Изр. гл. 5 О паломничестве

                Собственно говоря, само паломничество как таковое, в привычном понимании,  началось для меня именно с этого дня.
 

                О ПАЛОМНИЧЕСТВЕ

                Что до сих пор известно о паломничество?         
                Существует литературный жанр,  с забытым нынче названием – «Хождения».  Это один из древнейших жанров русской литературы: воспоминания и дневники путешествий, путевые записки. Они берут свое начало еще в до монгольской Руси и наиболее древний письменный памятник, относящийся к этому жанру — «Житие и хождение Даниила, Русской земли игумена». Его автор, настоятель одного из черниговских монастырей, в 1104-1106 гг. в составе группы русских паломников посетил Палестину и в течение шестнадцати месяцев путешествовал по Святой земле, осмотрев все ее основные религиозные достопримечательности. 
                В дальнейшем жители Руси (России) не раз отправлялись в дальние путешествия. Тверского купца Афанасия Никитина судьба забросила даже в Индию, результатом чего стало появление такого замечательного литературного произведения как «Хождение за три моря».
                Однако наиболее почетными и уважаемыми путешественниками считались все же паломники, которые отправлялись в путешествие не развлечения ради, а с целью посетить Гроб Господень, Святую гору Афон или же почитаемые святыни в России, например, Киево-Печерскую лавру. 
                Русское паломничество во Святую Землю началось со времени принятия русским народом христианства. Русские паломники того времени, отправляясь в Святую Землю, приготовлялись к сему странствованию как бы расставаясь с земной жизнью. Они говели, прощались с родными  и получали  благословение  духовного отца.

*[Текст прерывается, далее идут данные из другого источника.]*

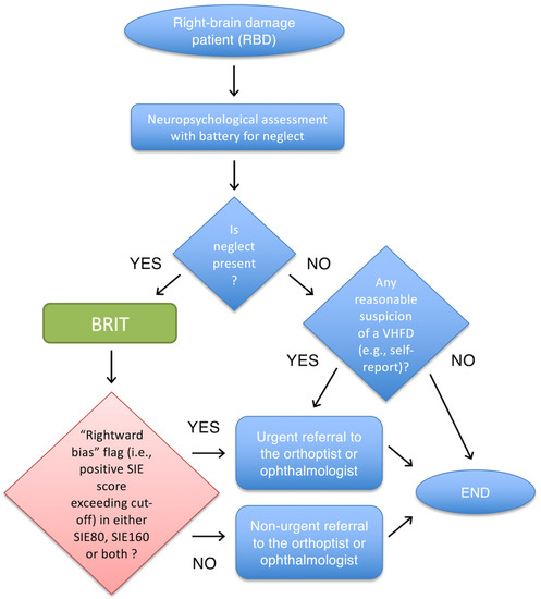 In such cases, a practical solution could be the use of an already existing paper-and-pencil test such as the BRIT [23], which is quick and easy to administer to neglect patients for a first screening for possible VHFD. The BRIT represents the most recent work based on the Brentano illusion [24,25,26,27], which reports normative data on healthy adults, but does not provide indications about the accuracy of the test. Therefore, we felt urged to address this issue (as well as others, see below), by designing a study to determine the sensitivity and specificity, as well as the PPV and NPV of this test. If the BRIT is effective, it may conveniently be used as a quick and simple way to screen neglect patients for the presence of VHFD and—in case of a Rightward Bias flagged in the SIE score—to immediately refer them to an orthoptist/ophthalmologist.

                Интересно сравнить описание и впечатления от паломничества, совершенного столетие назад. Заметки  студента Казанской духовной академии А. П. Касторского  в своем дневнике  «Паломничество в Палестину и на Афон» вызывают интерес некоторыми наблюдениями.
                Начиная с Константинополя паломников начали упорно преследовать восточные торговцы — разносчики различных товаров.  Большое негодование вызывало у всех путешественников поголовное мздоимство турецких должностных лиц, а также арабов, которые оказывали какие-либо мелкие услуги паломникам. Все они просили, а чаще - настойчиво требовали от паломников «бакшиш». Это тюркское слово А. П. Касторский адекватно перевел на русский: «на чай».  Русские не привыкли к такого рода «агрессивному маркетингу», поэтому их не только удивляла, но и возмущала их назойливость.
                Подобные приключения автора, начавшиеся в Константинополе, продолжились в Дамаске, который он и его спутники посетили по дороге в Иерусалим.   
                Примеры вымогательства были многочисленными: автор свидетельствовал, что погонщики ослов, на которых передвигались паломники, употребляли в общении с ними только одно слово: «бакшиш». За то, что бакшиш при посещении гробницы Иосифа был, по мнению охранявших ее, слишком мал, их фактически выгнали из этой библейской святыни и не дали ее осмотреть.
               В отличие от святых мест, в которые попал автор дневника, местное население вызывало у него не столь положительные эмоции. С одной стороны, достаточно рельефно просматривается отношение к хозяевам Палестины — туркам, оно является стереотипным для большинства русских. Османы традиционно воспринимались как враги славянства и гонители православия, причем сами турки на протяжении нескольких веков старались всячески оправдать это негативное отношение. По-иному выглядит отношение к арабам. С одной стороны автор хорошо понимает, что они иноверцы, т.е. антагонисты для него. С другой стороны, он сочувствует их вопиющей нищете, тому, что арабы порабощены Османской империей. Вдобавок, в истории отношений русского и арабского этносов не было конфликтов и это тоже играет свою роль в восприятии арабов образованным русским. В то же время, автор не скрывает своего возмущения склонностью местного населения к обману и незаконным поборам с паломников.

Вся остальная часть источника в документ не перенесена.